| What you need to do |
In the listing that follows, print every line exactly and leave the images out.

| Source material |
════
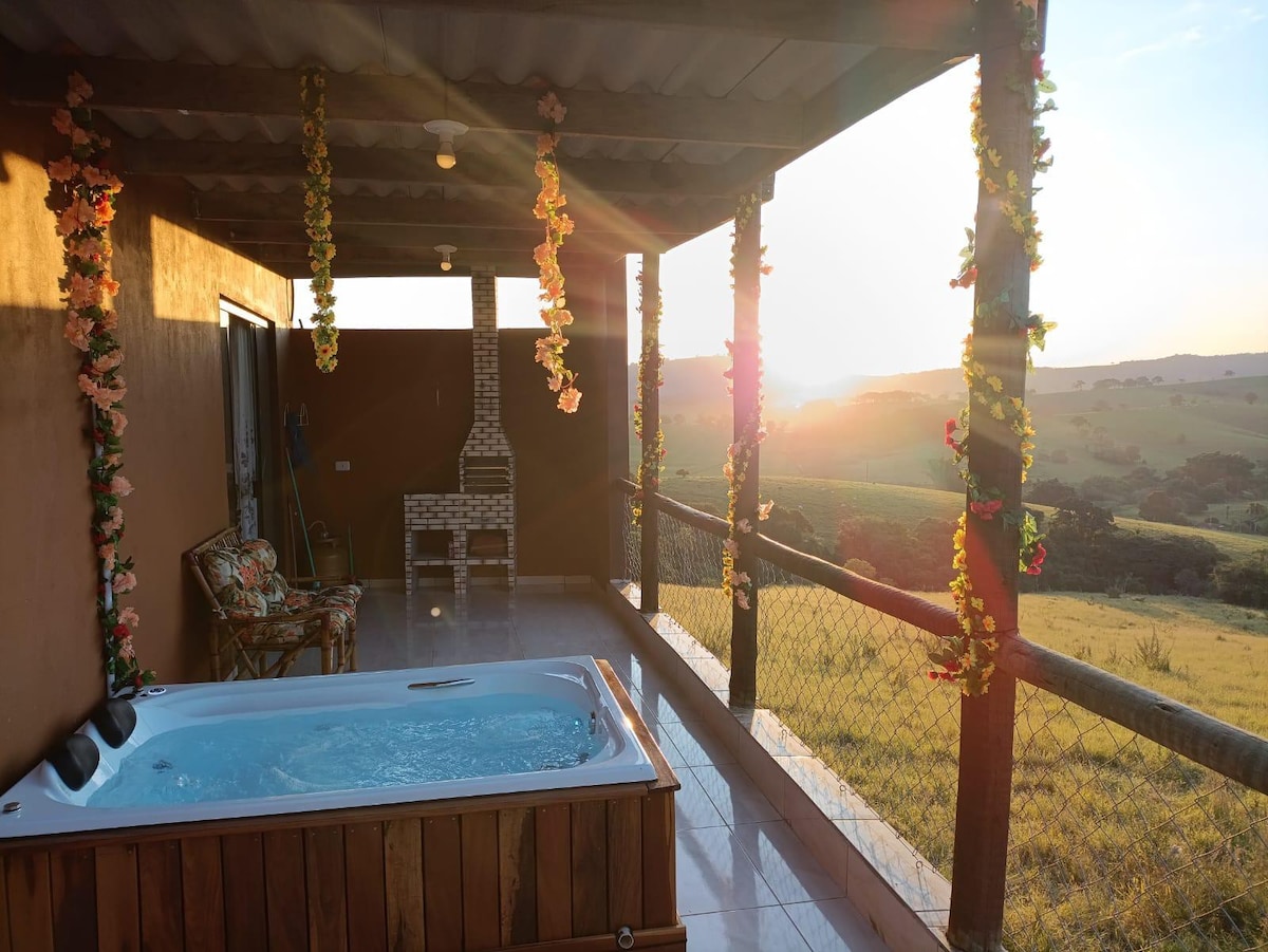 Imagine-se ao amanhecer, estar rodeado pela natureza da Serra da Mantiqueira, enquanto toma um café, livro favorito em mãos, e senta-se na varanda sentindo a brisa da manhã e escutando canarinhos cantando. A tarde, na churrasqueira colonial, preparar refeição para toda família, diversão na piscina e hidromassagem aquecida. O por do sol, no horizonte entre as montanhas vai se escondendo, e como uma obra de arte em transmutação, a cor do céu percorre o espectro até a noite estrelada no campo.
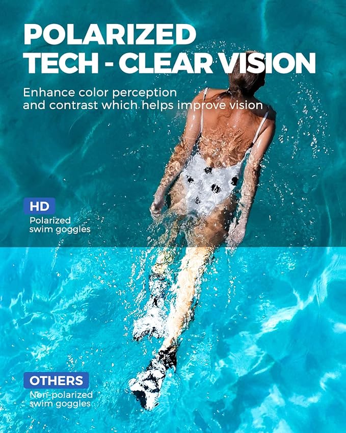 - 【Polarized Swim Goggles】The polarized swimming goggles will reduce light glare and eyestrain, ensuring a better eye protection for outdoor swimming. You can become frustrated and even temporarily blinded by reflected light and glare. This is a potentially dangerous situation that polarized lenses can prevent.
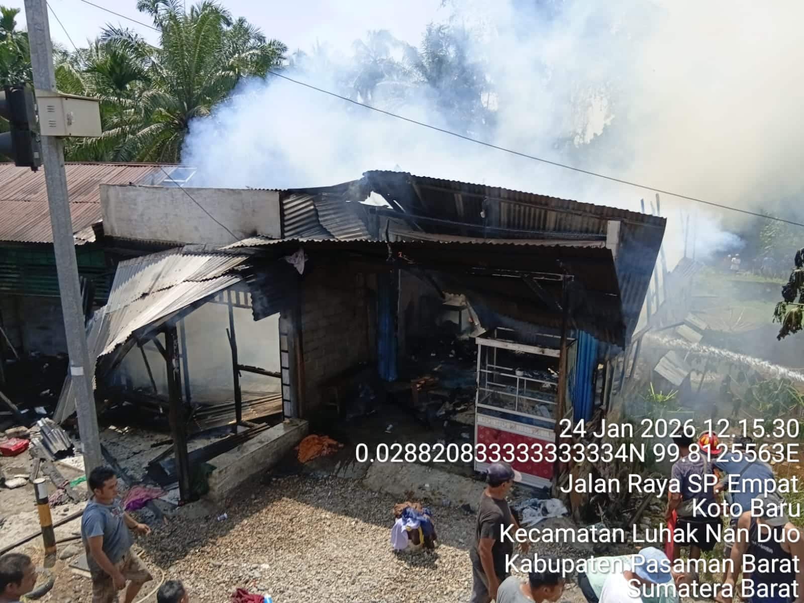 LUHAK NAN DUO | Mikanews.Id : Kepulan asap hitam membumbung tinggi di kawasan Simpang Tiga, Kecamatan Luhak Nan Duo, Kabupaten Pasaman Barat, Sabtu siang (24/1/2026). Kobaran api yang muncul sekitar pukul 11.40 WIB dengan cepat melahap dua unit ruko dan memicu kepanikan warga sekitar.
════
| Exercise solution |
 Imagine-se ao amanhecer, estar rodeado pela natureza da Serra da Mantiqueira, enquanto toma um café, livro favorito em mãos, e senta-se na varanda sentindo a brisa da manhã e escutando canarinhos cantando. A tarde, na churrasqueira colonial, preparar refeição para toda família, diversão na piscina e hidromassagem aquecida. O por do sol, no horizonte entre as montanhas vai se escondendo, e como uma obra de arte em transmutação, a cor do céu percorre o espectro até a noite estrelada no campo.
 - 【Polarized Swim Goggles】The polarized swimming goggles will reduce light glare and eyestrain, ensuring a better eye protection for outdoor swimming. You can become frustrated and even temporarily blinded by reflected light and glare. This is a potentially dangerous situation that polarized lenses can prevent.
 LUHAK NAN DUO | Mikanews.Id : Kepulan asap hitam membumbung tinggi di kawasan Simpang Tiga, Kecamatan Luhak Nan Duo, Kabupaten Pasaman Barat, Sabtu siang (24/1/2026). Kobaran api yang muncul sekitar pukul 11.40 WIB dengan cepat melahap dua unit ruko dan memicu kepanikan warga sekitar.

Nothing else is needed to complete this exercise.